Investment Appraisal Flashcards
Investment appraisal
Investment appraisal describes how a business might evaluate an investment project to determine whether it’s likely to be profitable or not. 
Average Rate of Return (ARR)
Net return (profit) per annum/capital outlay (cost) x 100 (%)
Advantages and Disadvantages of ARR
A: Shows the profitability of an investment in annual percentage terms so other investments can be compared to it.
D: averaging data masks opportunity costs, so ARR provides oversimplified results. 
Criterion Levels
This is the boundary between acceptable and unacceptable investment proposals. 
Advantages and disadvantages of criterion levels
A: helps avoid wasting time and work into something the board won’t accept.
D: Easy to manipulate figures to boost ARR
Discount Factor
This is the rate of interest chosen to represent the company’s cost of capital.

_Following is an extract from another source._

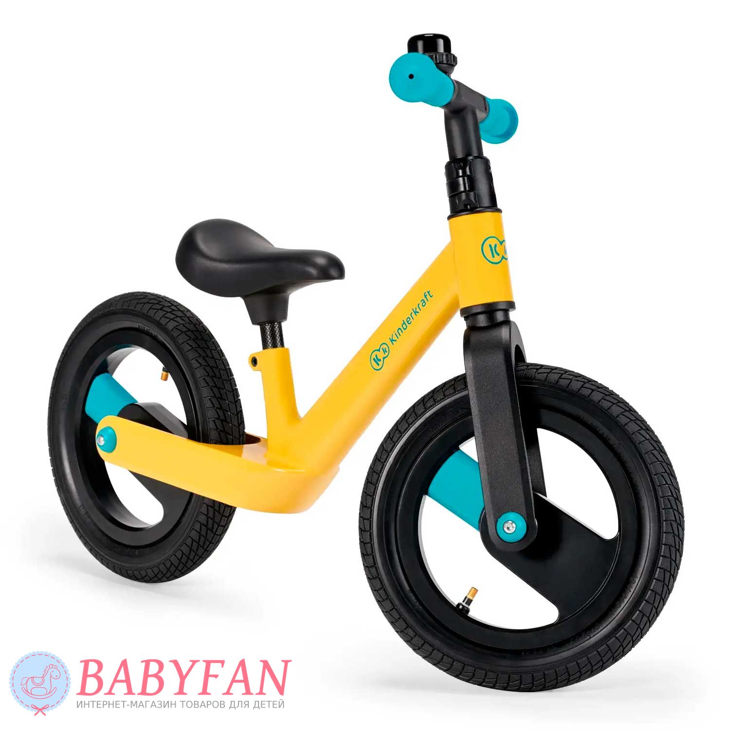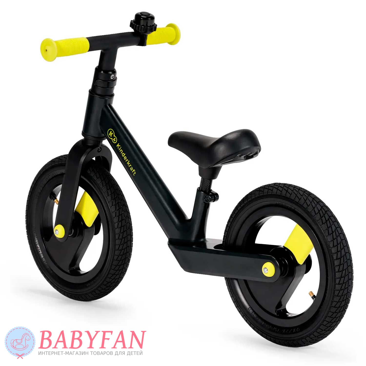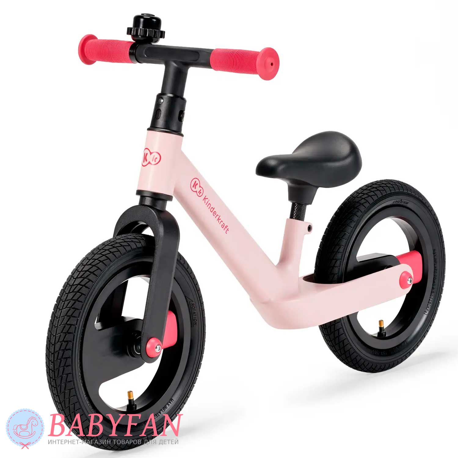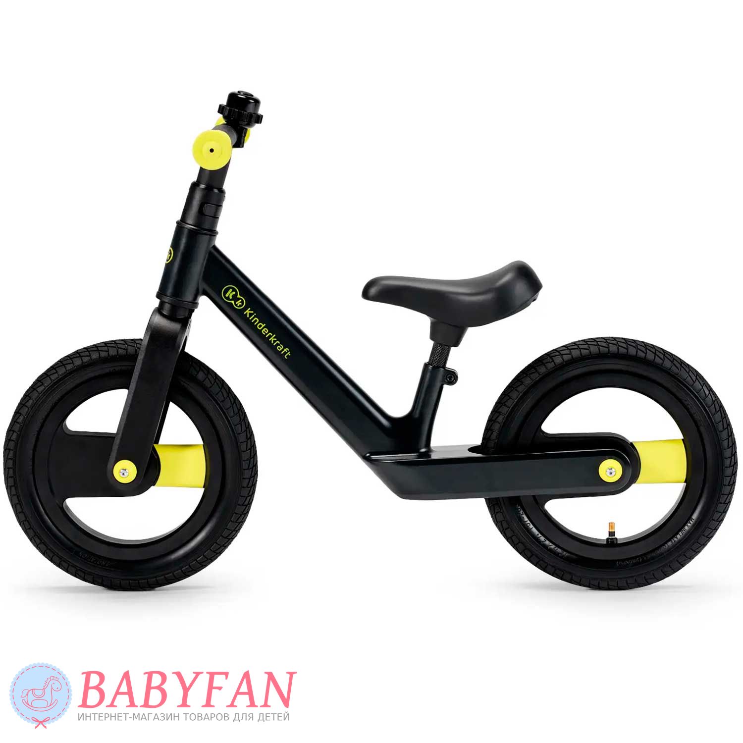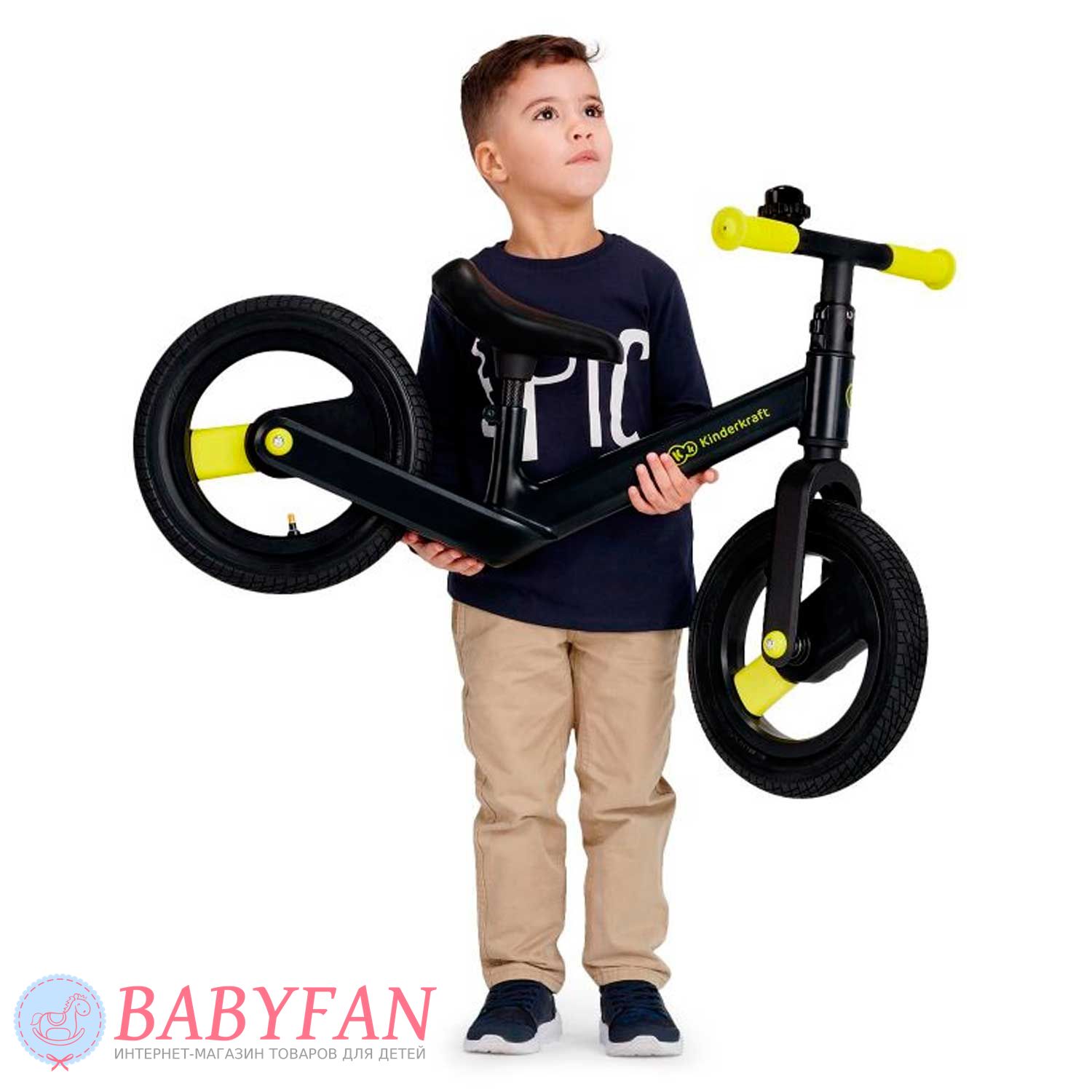 Kinderkraft Goswift – легкий та міцний двоколісний беговел з рамою з магнієвого сплаву з надувними колесами для дітей від 3 до 6 років, понад 80 см. Виконаний у вигляді спортивного велосипеда без крил. Виготовлений з міцних та довговічних матеріалів: рама з магнієвого сплаву, який на 30% легший за алюміній, відмінно поглинає вібрації і на 100% утилізується, покрита стійкою порошковою фарбою; сидіння м'яке, з екошкіри; покришки коліс із гуми, з протектором.

Advantages and Disadvantages of discount factor
A: it discounts progressively over time, taking full allowance of opportunity of cost time.

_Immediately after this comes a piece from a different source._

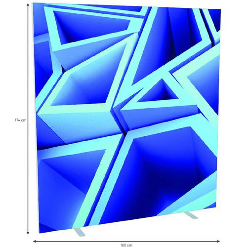 Plátěný panel v různých barevných provedeních pro oddělení prostoru. Plátno je ohnivzdorné v kategorii M1 a lze jej prát na 30 °. Vybavený dvěma stabilními nožkami z bílé lakované oceli. Rychlá a snadná montáž plátna. Záruka výrobce pro zákazníka : 10 let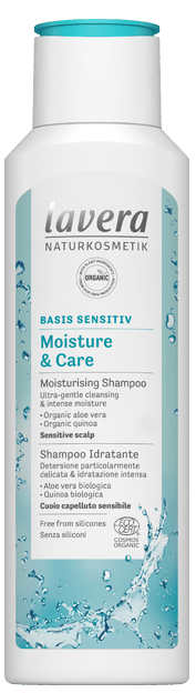 De Basis Sensitiv Shampoo Moisture & Care van Lavera is een milde shampoo die het haar hydrateert en verzorgt. De shampoo hydrateert je haar intensief en is zacht voor de gevoelige hoofdhuid. De innovatieve verzorgende formule biedt een zachte schuimervaring en verbetert de kambaarheid van het haar merkbaar. Milde tensiden zorgen voor een zachte reiniging zonder uit te drogen of te irriteren. Een zorgvuldig uitgebalanceerde compositie met biologische aloë vera en biologische quinoa verzorgt en werkt vochtinbrengend. De Basis Sensitiv Shampoo Moisture & Care is biologisch afbreekbaar en bevat geen siliconen, geen microplastic en geen kunstmatige kleur- en conserveringsmiddelen.

D: makes data too complex for most staff to understand.
Discounted cash flow
Downgrading future cash flows progressively over time to allow for time value of money. Each year is forecast net cash flow is multiplied by a discount factor (less than 1%)
Advantages and Disadvantages of discounted cash flow
A: takes into account opportunity cost of capital.
D: requires good guess about future interest rates.